After Aston Martin made remarkable strides over the winter to be a regular podium scorer early in the season, McLaren has now emerged as a front-running force since introducing a significant upgrade package.

The Woking-based squad have finished ahead of the lead Mercedes car at each of the past three grands prix, with Lando Norris taking successive second places.

Although Mercedes retain a comfortable hold on second place in the Constructors’ Championship and the gap to Red Bull remains larger than ever, Wolff insists the Brackley side won’t give up on its W14 car.

“I wouldn’t want to give up any season,” Wolff declared.

“You can see how McLaren has leapfrogged everybody else with an update that they didn’t expect to be that powerful. Whatever it was, they gained a second probably and leapfrogged Aston Martin, Ferrari and moved in as really strong contenders at the beginning of the season are now nowhere.

“We just need to continue working, chipping away at our understanding and unlocking potential in the car as did Aston Martin over the winter or McLaren during the season. We won’t give up.”

Verstappen’s Hungary triumph marked Red Bull’s 12th consecutive victory to set a new record for the most wins achieved successively by a team in F1 history.

Pole sitter Lewis Hamilton (GBR) Mercedes AMG F1 celebrates in qualifying parc ferme with the team. 22.07.2023. Formula 1 World Championship, Rd 12, Hungarian Grand Prix, Budapest, Hungary, Qualifying Day.

The Dutchman’s 33.7s margin of victory was the greatest the 2023 season has seen to this point, prompting Wolff to acknowledge after the race “It’s like a bunch of Formula 2 cars against a Formula 1”.

Therefore, asked if there was enough potential in Mercedes’ current philosophy to catch Red Bull in 2024, Wolff responded: “I think we need a lot of changes in 2024.

“The direction our team is developing is really quite interesting and we see opportunities and we are not shying away of leaving no stone unturned, looking at every single concept.”

Without Mercedes recording a 1-2 finish at the penultimate round in Brazil last season Red Bull would have won all of the previous 22 races to take place.

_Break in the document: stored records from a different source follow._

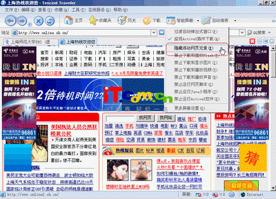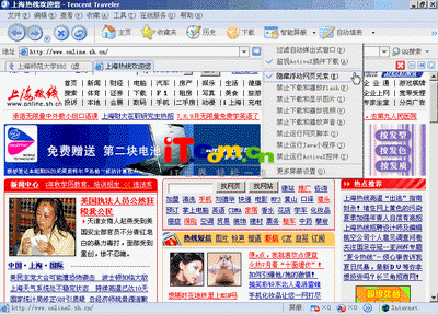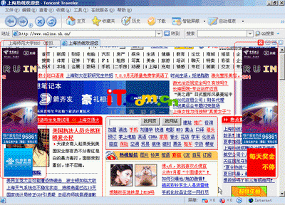 目前流行的基于IE核心的多窗口浏览器,比如Green browser和Maxthon(就是新版本的MYIE2),都集成去除广告的插件。不过比较遗憾的是,这些浏览器只能去除弹出式的广告,但是对于网页中的漂浮广告就无能为力了。新版的腾讯TT浏览器的网页去除功能非常强大,可以去除包括弹出式广告和漂浮广告在内的几乎所有网页中能见到的广告。而且设置非常简单,只要在智能屏蔽中选取“隐藏浮动网页元素”即可。下面看看上海热线的首页面窗口去除广告前和去除广告后的效果。
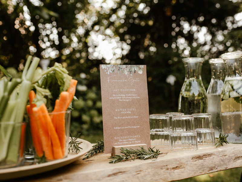 Die kleine Hochzeitsgesellschaft versammelte sich im Hochzeitsgarten – und dort warteten schon kleine fruchtige Leckereien und spritzige Erfrischungen. Von Dekorationsfee Dagmar die verschiedensten Kräuterlimonaden und eisgekühlten Beeren- und Apfel/Birnen-Smoothies hergestellt. Vegetarische und vegane Köstlichkeiten mit Dips ergänzten das Buffet.
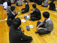 1,2年生各クラスで行い、様々なテーマで肯定側と否定側の班に
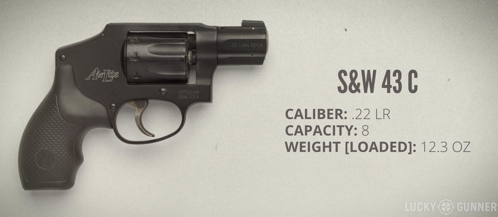 Four is the Smith & Wesson Model 43 C. This is the 8-shot J-frame .22 LR that I’ve used previously in our pocket pistol series. It’s not especially small next to the NAA Mini-Revolver, but it is very light at 12.3 ounces loaded. I’m drawing it from a Can Can Concealment Micro Sport Belt. This is essentially an elastic belt with several sleeves sewn into it for carrying a small handgun in whatever position along the waistline you prefer.
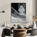 MuchoWow® Peinture sur verre 60x80 cm - Peinture sur verre acrylique - Paarden - Animaux - Zwart - Wit - Photo sur verre - Décoration murale salon - Décoration murale chambre - Peintures
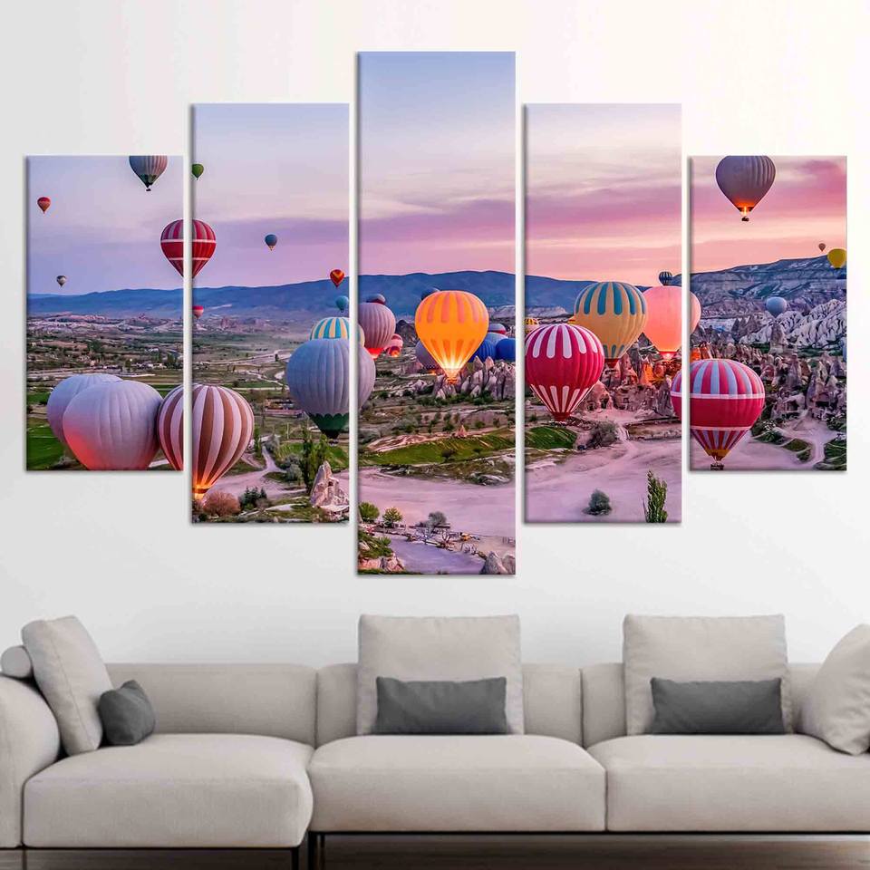 Cappadocia Sunrise Canvas Art: Goreme Landscape Wall Decor Print,SET OF 5 MIX CANVAS
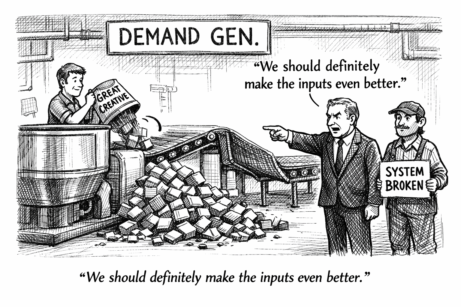 You probably didn't realize you were doing this, but somewhere along the way your organization started treating demand generation like a series of disconnected pushes instead of a continuous system. One quarter you run a webinar campaign. Next quarter it's a cold email and ABM combo. The quarter after that you're back to a big content play. Each one was well-intentioned, reasonably funded, and delivered some results. But none of them produced pipeline at the same rate. None of them ever got repeated exactly the same way.
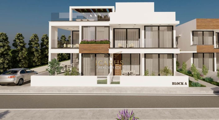 This modern 2-bedroom corner apartment, located in the peaceful area of Livadia, offers a comfortable and convenient living experience. Upon entering, you are greeted by a welcoming dining area, leading into an open-plan kitchen and living room, perfect for both relaxation and entertaining. The apartment features two spacious bedrooms, with the master bedroom benefiting from an en-suite shower. A family bathroom is also included for added convenience.
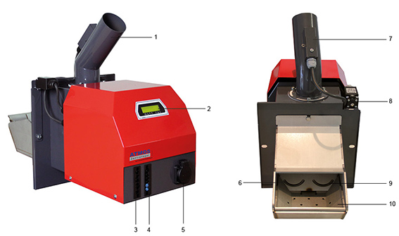 5. Steckdose für Förderschnecke 10. Brennerschale

But despite Verstappen and Red Bull’s crushing advantage at the Hungaroring on Sunday, Wolff isn’t concerned about the entertainment aspect of the sport.

“Why I love this sport is that it is meritocratic,” the Austrian chief explained. “Entertainment follows sport and not the other way round. We can’t create a balance of performance or anything that would level out the field, it is what it is.

“We had these years with Mercedes where we finished one and two every single race and that was certainly not great for entertainment purposes, and that’s why we just need to work better and get ourselves back into contention,” he continued. “Because many fans would have left frustrated after yesterday thinking that we were really close together, keen to watch what happens today, and then they see one car just disappear into the sunset.”

Although its Sunday showing marked a disappointment compared to the high of Saturday, Mercedes still extended its advantage over Aston Martin for second place in the Constructors’ standings.